12. The apparatus of claim 11, wherein the determination is performed if it is determined that a power headroom report is triggered.

13. The apparatus according to claim 11 or 12, wherein the determination whether a transmit power field is to be sent is based on whether the cell has uplink transmission.

14. The apparatus according to any of claims 11 to 12, further comprising means for adding the power headroom field to a power headroom control element and setting the indicator to another specific value to indicate that the transmit power field is not included if it is determined that the transmit power field is not to be sent.

15. The apparatus according to any of claims 11 to 12, further comprising means for setting the indicator to another specific value to indicate that an associated transmit power field is not included in the power headroom control element if it is determined that the power headroom is to be prepared based on a virtual transmission.

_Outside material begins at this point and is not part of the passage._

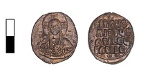 | Obverse: | [+&AG1;&AG9;&AG9;&AG10;NO&AG7;]HΛ Bust of Christ, bearded, facing, wearing nimbus cr. (with ornament in each limb of cross), tunic and mantle; r. hand in benediction, l. holds Book of Gospels (with ornament on cover); in field l. and r., &MG9; &MG10;. Border of dots. | |

16. An arrangement in a base station in a radio access network, RAN, for handling power information received from a user equipment, UE, comprising a received power headroom report of a power headroom control element, the arrangement comprising:

means for receiving a power headroom control element from a user equipment, UE, the power headroom control element containing power headroom information in a power headroom field in the power headroom control element;

means for determining whether a value in an indicator field (920) associated with a power headroom field (910) of the received power headroom control element is set to a specific value indicating that a transmit power field (930) associated with the power headroom field (910) is contained in the power headroom control element; and

means for reading the transmit power field (930) if the value of the indicator field (920) is set to the specific value.

17. The apparatus of claim 16, wherein if it is determined that the value of the indicator field (920) is set to another specific value, the power headroom report is prepared based on a dummy transmission and does not contain an associated transmission power field.